Material provided Start Marker

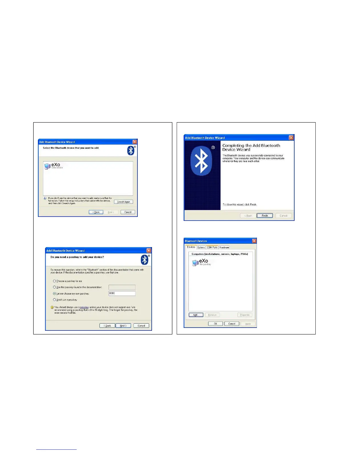 If the eXo is not found, confirm if it is in the pairing mode by ensuring the device is in
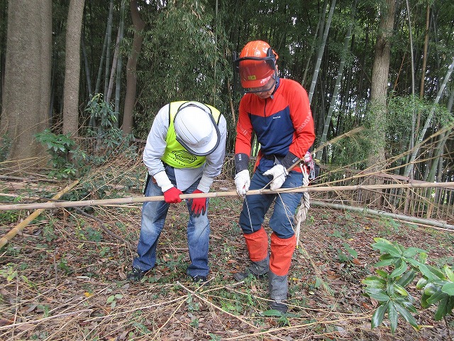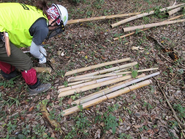 本日の作業は、樹林内に放置された間伐竹の整理と竹を活用した粗朶柵のつくり直しです。
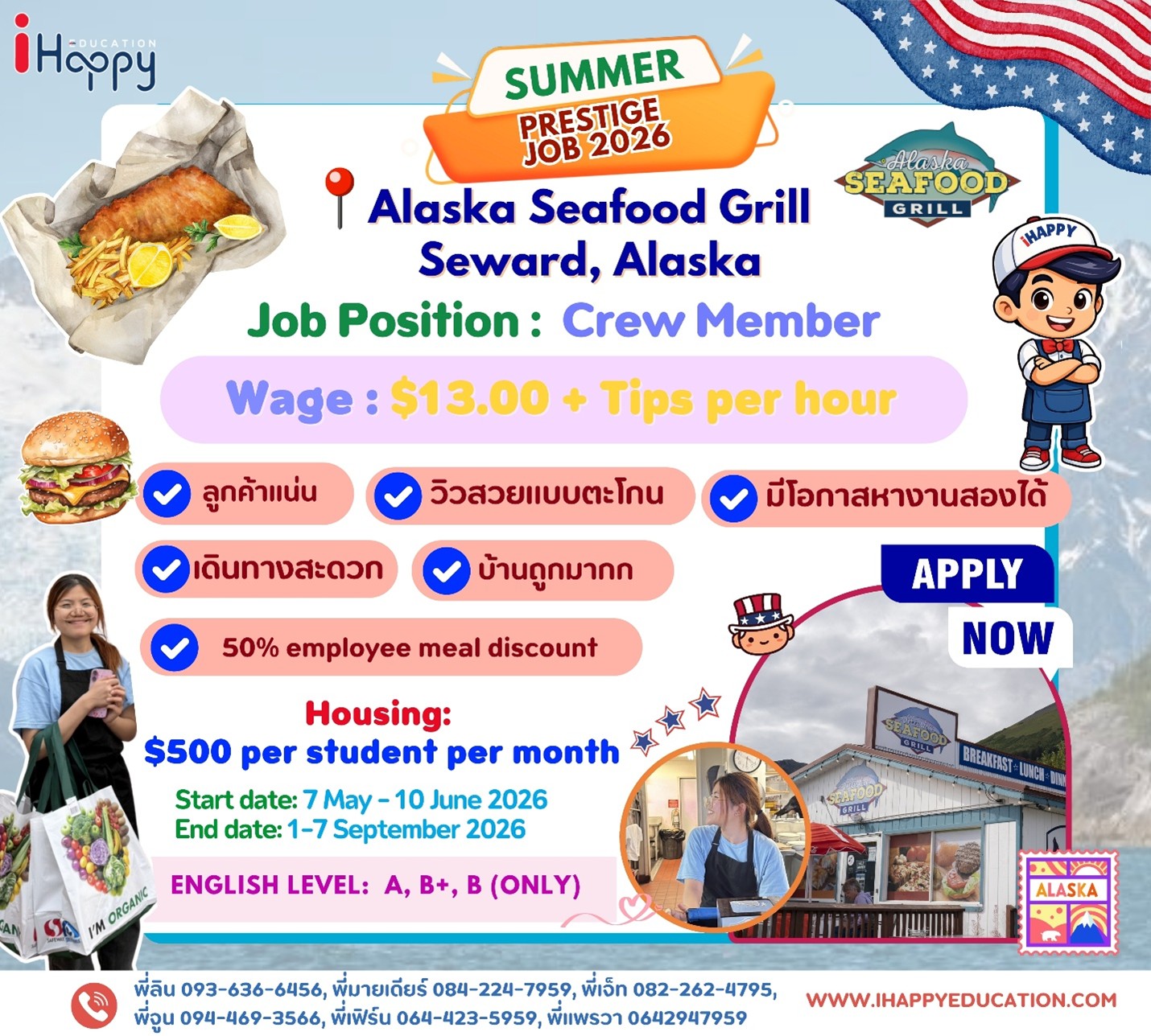 Choosing Alaska Seafood Grill for the Work and Travel program is an excellent opportunity to gain valuable experience in the food and hospitality industry while working in a welcoming, fast-paced environment. Students can develop important skills in customer service, teamwork, and food handling while learning about Alaska’s rich seafood culture. Located in one of the most scenic regions of the United States, participants can enjoy cultural exchange activities such as exploring local markets, visiting coastal attractions, and experiencing the beauty of Alaska’s wildlife and landscapes. It’s a great place to work, grow, and immerse yourself in a unique part of American culture surrounded by nature and adventure.

Material provided End Marker

Problem to solve: Without changing a word, retype the data above and omit its pictures.

Reply:
 If the eXo is not found, confirm if it is in the pairing mode by ensuring the device is in
 本日の作業は、樹林内に放置された間伐竹の整理と竹を活用した粗朶柵のつくり直しです。
 Choosing Alaska Seafood Grill for the Work and Travel program is an excellent opportunity to gain valuable experience in the food and hospitality industry while working in a welcoming, fast-paced environment. Students can develop important skills in customer service, teamwork, and food handling while learning about Alaska’s rich seafood culture. Located in one of the most scenic regions of the United States, participants can enjoy cultural exchange activities such as exploring local markets, visiting coastal attractions, and experiencing the beauty of Alaska’s wildlife and landscapes. It’s a great place to work, grow, and immerse yourself in a unique part of American culture surrounded by nature and adventure.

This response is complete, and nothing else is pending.